START Supplied records
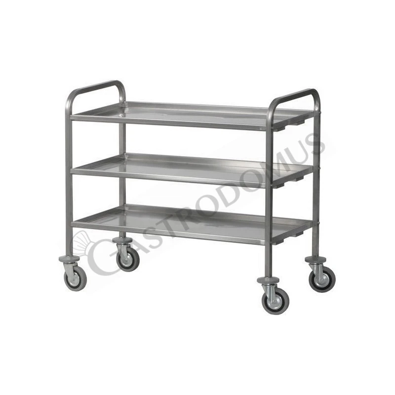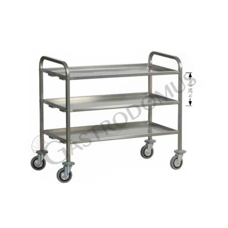 Il carrello ha una struttura tubolare in acciaio inox AISI304 25×25 con tre ripiani in acciaio inox AISI304 piegati con omega di rinforzo, satinati, insonorizzati.
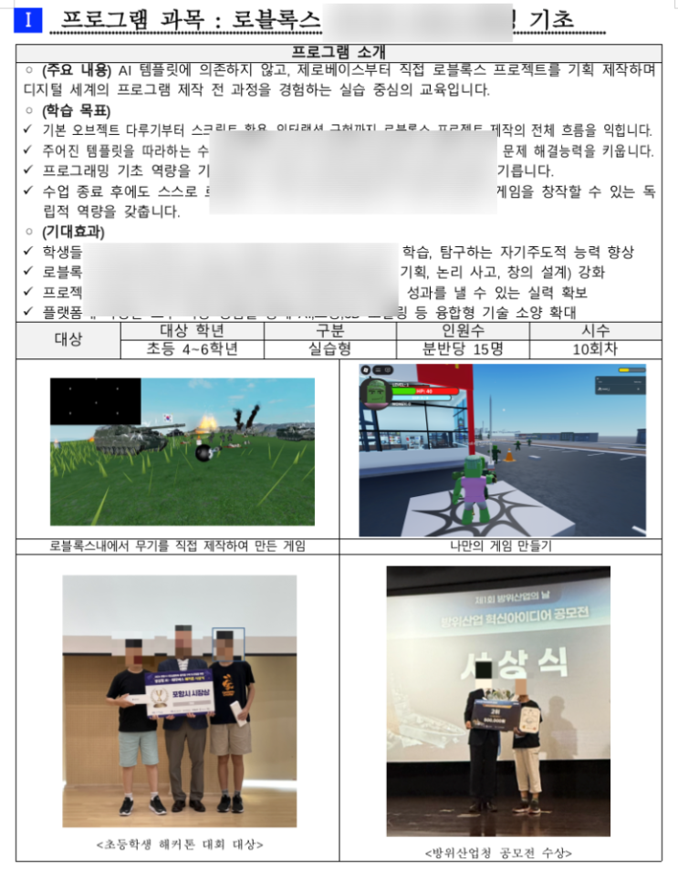 안녕하세요 오늘은 노원구에 있는 노원1종합사회복지관에서 진행하고 있는 로블록스 프로그래밍 수업을 소개시켜 드립니다. 노원 종합복지관은 2023년부터 매년 프로그래밍 방과후 수업을 진행하고 있는데요 이번에는 저의 적극적인 추천으로 로블록스 수업을 진행하게 되었습니다. 요즘같이 AI가 코드를 다 만들어주는 시대에 프로그래밍 수업을 어떻게 해야 고민이 많은데요 그럼에도 여전히 프로그래밍 자체의 중 요도는 남아 있을것입니다. 아마 텍스트 언어를 직접 작성 할 필요는 없지만 블록코딩으로 알고리즘 수식도를 읽을 수 있을정도는 되어야 겠죠. 강의 계획서이고 2개의 분반을 격주로 수업해서 총 5회씩 10회 수업을 진행하고 있....... <img src="https://blogthumb.pstatic.net/MjAyNjA0MDdfMjU1/MDAxNzc1NTMwODkzNzU4.67OvVdnqKa00JGd4Nx1rmoji8-1OumPdgsKVfzx64Z8g.bthv6n2C8n8g7RPBc3u_HPQssIIpyLSm_azKco5O4d4g.PNG/SE-36d81d11-6eab-46e3-affb-993b8881c8ec.png?type=s3" />
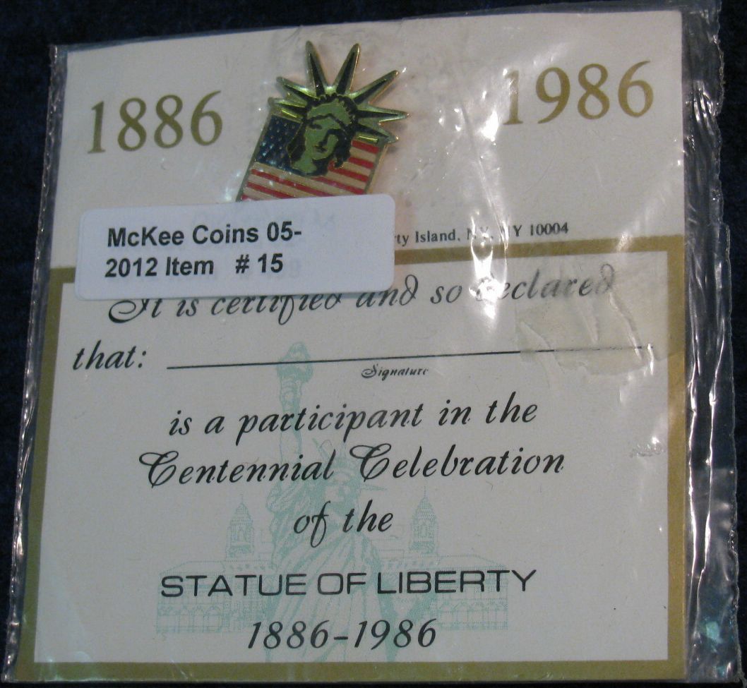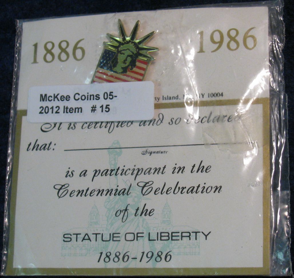 15. 1886-1986 Pinback and Badge for the Centennial Celebration of the Statue of Liberty.
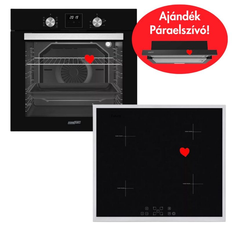 HOMEFORT HSB64DGB BeépíthetőSütő+ HOMEFORT HFBI64T2B indukciós főzőlap most ajándék HOMEFORT HPK611B kihúzható páraelszívóval lehet az Öné!
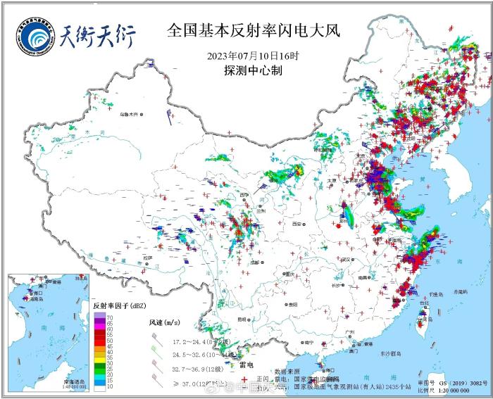 7月10日全國基本反射率閃電大風。圖片來源:@中國天氣微博
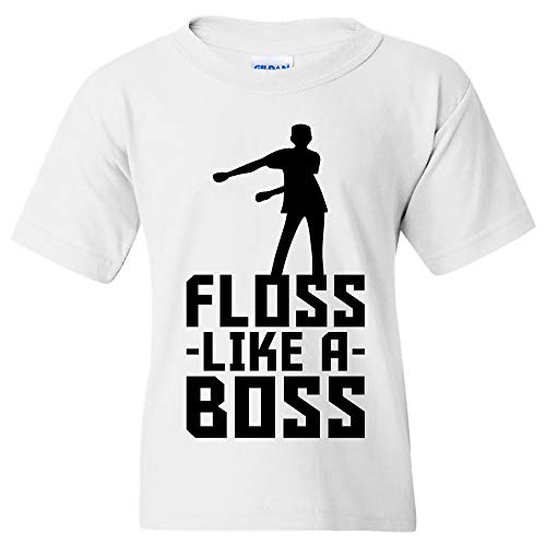 Floss Like A Boss – Flossin Dance Funny Emote Youth T Shirt – Large – White w/Black Print
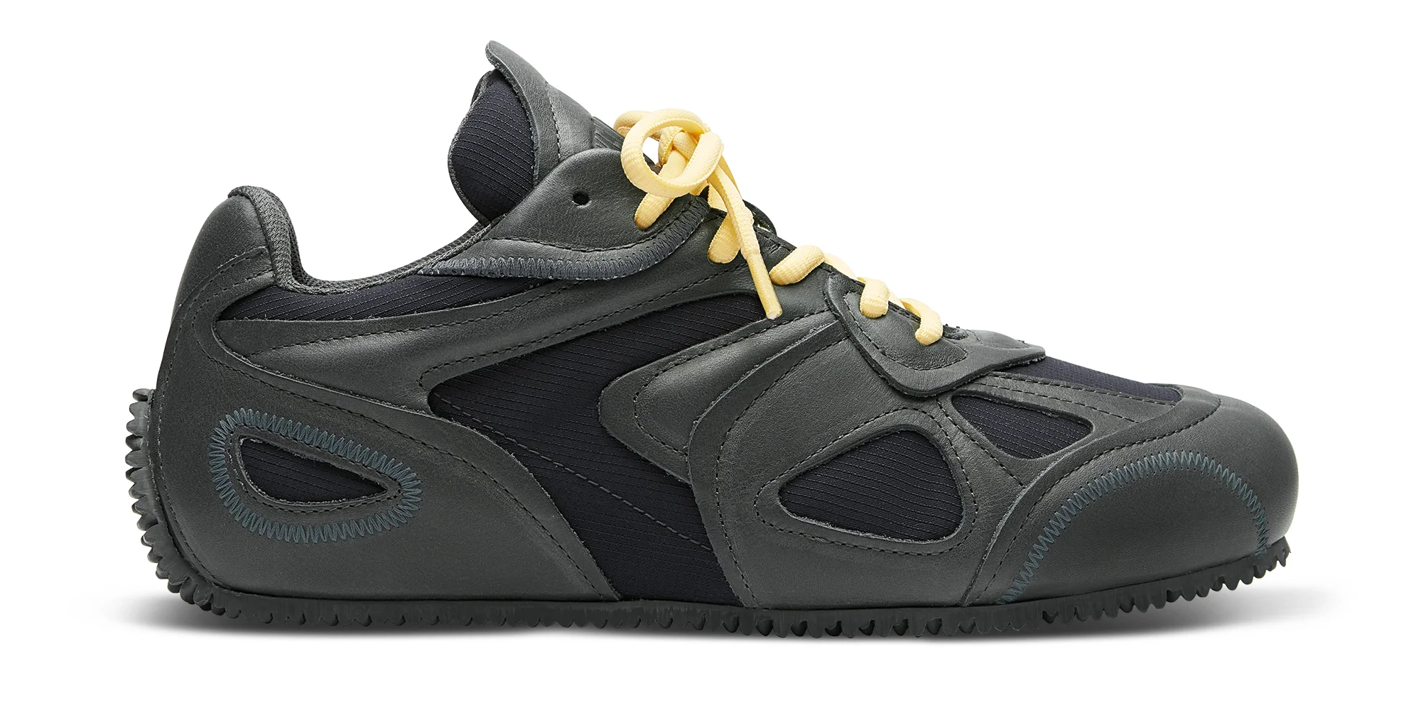 The Slow Runner’s layered, low-profile silhouette embodies the ethos of deconstruction and innovation. A seamless blend of old and new, the upper reimagines the iconic Marathon Runner through familiar intricate smooth leather and recycled textile panels. This model is set on a sleek, flat outsole with a unique knit-inspired finish that echoes design elements from our ready-to-wear collections. Each pair comes with three sets of laces for versatile styling, including one tonal pair, one in soft tofu, and one in a bold pop colour. Style Details - Upper: 60% Leather, 20% Recycled Polyester, 20% Elastane - Lining: 85% Recycled Polyester, 15% Microfibre - Sole: 100% Rubber - Height measures 7mm - European Sizing - Ripstop panels - Round laces - Debossed tongue branding - Handmade in Portugal
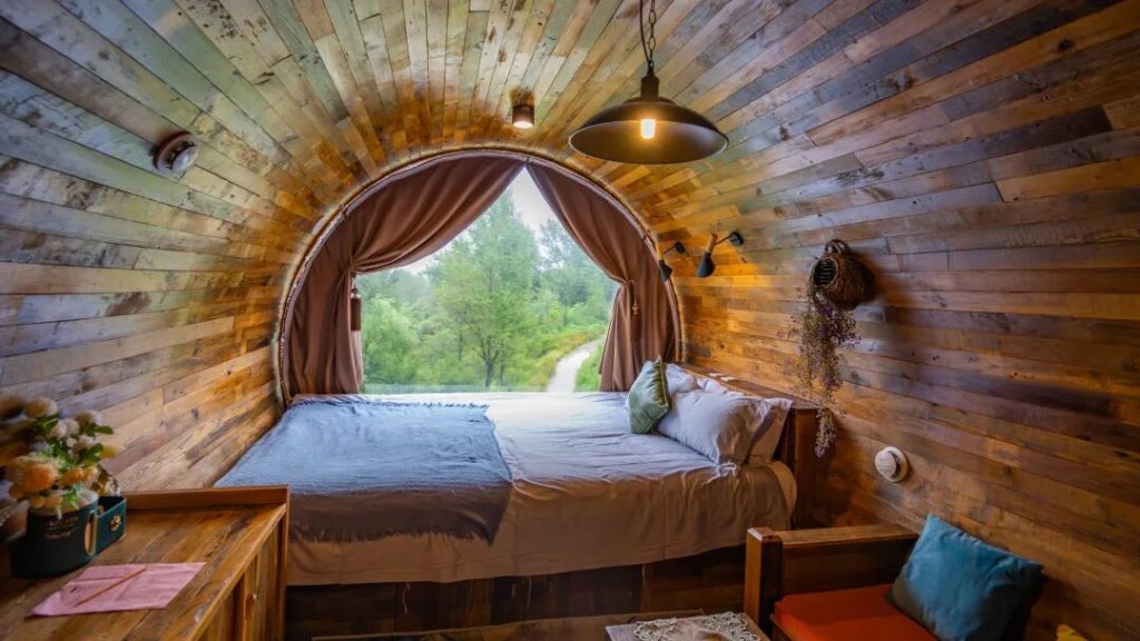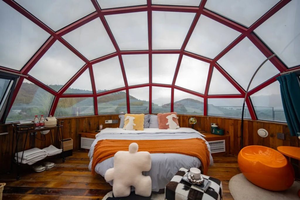露營、房車、玻璃屋、水泥管、童話屋……在若穀空境雲舍,不同場景之間任意穿越,各有各的趣味。
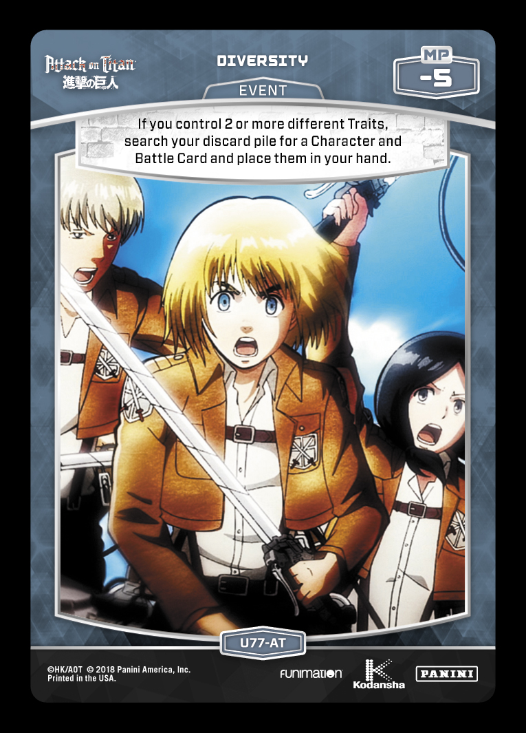 At its core, this is a resilient Character lineup that includes enough Traits to utilize 7 Special. Aside from the virtual advantages generated by high HP Characters throwing large Battle Cards, Mikasa is able to quickly find the 7 SP – which can then be pulled back by cards like Diversity and 3 Special. For the most part, the deck should aim to overwhelm the opponent with the sheer size of its attacks, the resilience of its Characters, and its consistent card advantage on all fronts.
END Supplied records
### [What to produce]
When you reach the line with "15. 1886-1986 Pinback" in the entries above, start copying, and go on word for word to the last line; skip any picture.

### [Answer area]
 15. 1886-1986 Pinback and Badge for the Centennial Celebration of the Statue of Liberty.
 HOMEFORT HSB64DGB BeépíthetőSütő+ HOMEFORT HFBI64T2B indukciós főzőlap most ajándék HOMEFORT HPK611B kihúzható páraelszívóval lehet az Öné!
 7月10日全國基本反射率閃電大風。圖片來源:@中國天氣微博
 Floss Like A Boss – Flossin Dance Funny Emote Youth T Shirt – Large – White w/Black Print
 The Slow Runner’s layered, low-profile silhouette embodies the ethos of deconstruction and innovation. A seamless blend of old and new, the upper reimagines the iconic Marathon Runner through familiar intricate smooth leather and recycled textile panels. This model is set on a sleek, flat outsole with a unique knit-inspired finish that echoes design elements from our ready-to-wear collections. Each pair comes with three sets of laces for versatile styling, including one tonal pair, one in soft tofu, and one in a bold pop colour. Style Details - Upper: 60% Leather, 20% Recycled Polyester, 20% Elastane - Lining: 85% Recycled Polyester, 15% Microfibre - Sole: 100% Rubber - Height measures 7mm - European Sizing - Ripstop panels - Round laces - Debossed tongue branding - Handmade in Portugal
露營、房車、玻璃屋、水泥管、童話屋……在若穀空境雲舍,不同場景之間任意穿越,各有各的趣味。
 At its core, this is a resilient Character lineup that includes enough Traits to utilize 7 Special. Aside from the virtual advantages generated by high HP Characters throwing large Battle Cards, Mikasa is able to quickly find the 7 SP – which can then be pulled back by cards like Diversity and 3 Special. For the most part, the deck should aim to overwhelm the opponent with the sheer size of its attacks, the resilience of its Characters, and its consistent card advantage on all fronts.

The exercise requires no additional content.